Sub-Dividing Complex Jobs (Chaining Jobs)

Behavior Summary

  • If prior job finishes with error object defined, callback is made immediately
  • If prior job finishes without error, data object is passed to next job
  • Callback can be forced on success, but chain execution will continue
  • Only one callback per chain

Specification of Subsequent Jobs

  • Subsequent jobs do not specify a job name -- same name is used throughout chain
  • Subsequent jobs do not specify a timeout -- timing begins from submission of job chain

Data Cascade

Data is passed between jobs by merging the data object specified in the job description in the job chain with the data object resulting from the execution of the previous job.
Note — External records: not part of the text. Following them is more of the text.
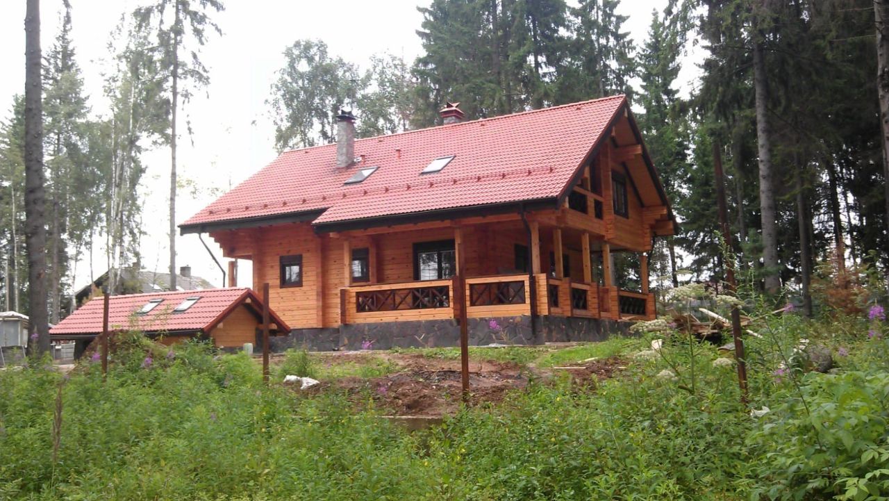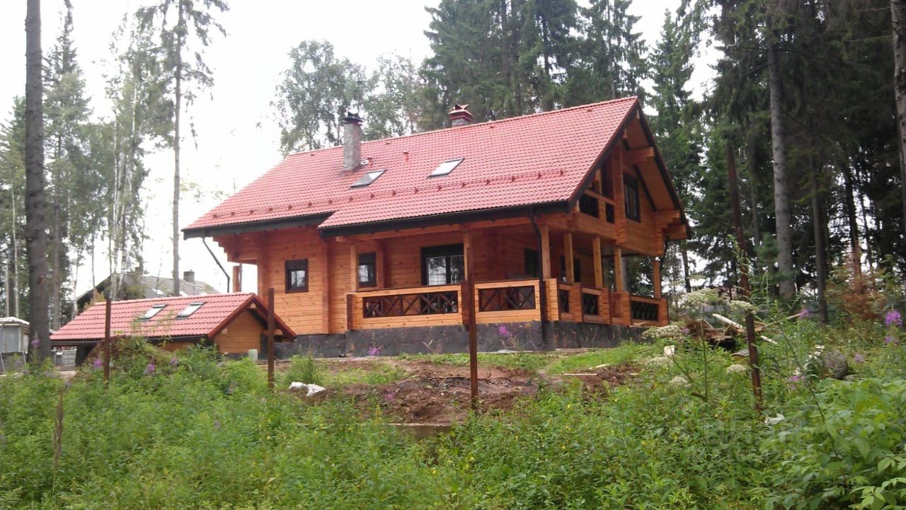 На участке: основной дом, гостевой дом с сауной, въездная группа (2 машиноместа под крышей, 2 помещения для хранения садового инвентаря и пр., дровница), беседка, бытовка (контейнер), тех.строение для подачи, разводки воды).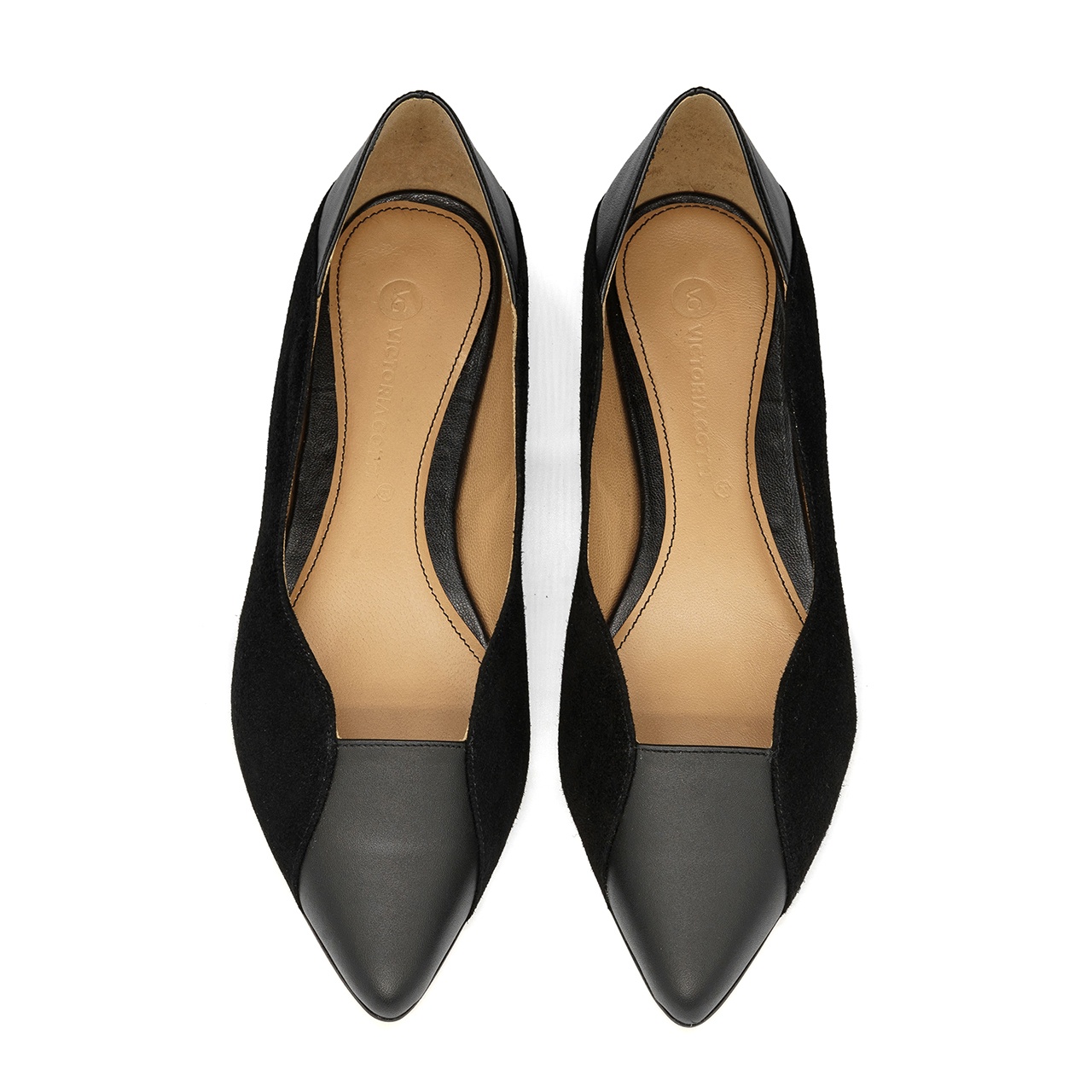 Czarne baleriny z noskiem w szpic. Obuwie wykonano z naturalnej skóry licowej z połączeniem skóry zamszowej. Wkładka w balerinach jest wykonana ze skóry naturalnej. Wysokość obcasa wynosi 1 cm. Wymiary podawane na kartach produktów to wymiary orientacyjne i odnoszą się do rozmiaru 37.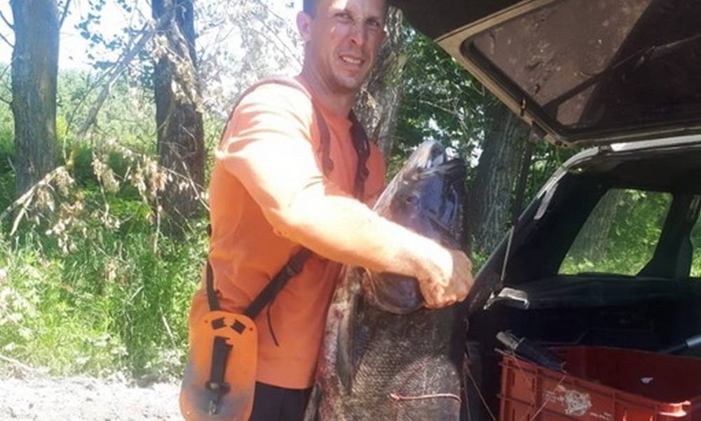 Житель Брянска поймал в Десне гигантскую рыбу. Снимки улова выложили в соцсети.

Here is an example job chain:

job1 = 
	type: "first" #the job type/queue name
    name: "job1" #name for this job
    data: {param1: "initial message"}
    timeout: 5 #seconds
job2 = 
	type: "second"
	data: {param2: "initial message"}
jobChain = [job1, job2]
  1. When job1 executes, data = {param1: "initial message"}

  2. Let's say that job1 finishes by calling doneWith(..) using the following:

doneWith ticket, undefined, {a: 1, b: 2, c: 3}
  1. When job2 executes, data = { param2: "initial message", first: {a: 1, b: 2, c: 3} }

Notice that the job's data object is extended by an additional key equal to the job type of the previous job in the chain.

In this way, you can ensure that the data you rely on came from the proper context.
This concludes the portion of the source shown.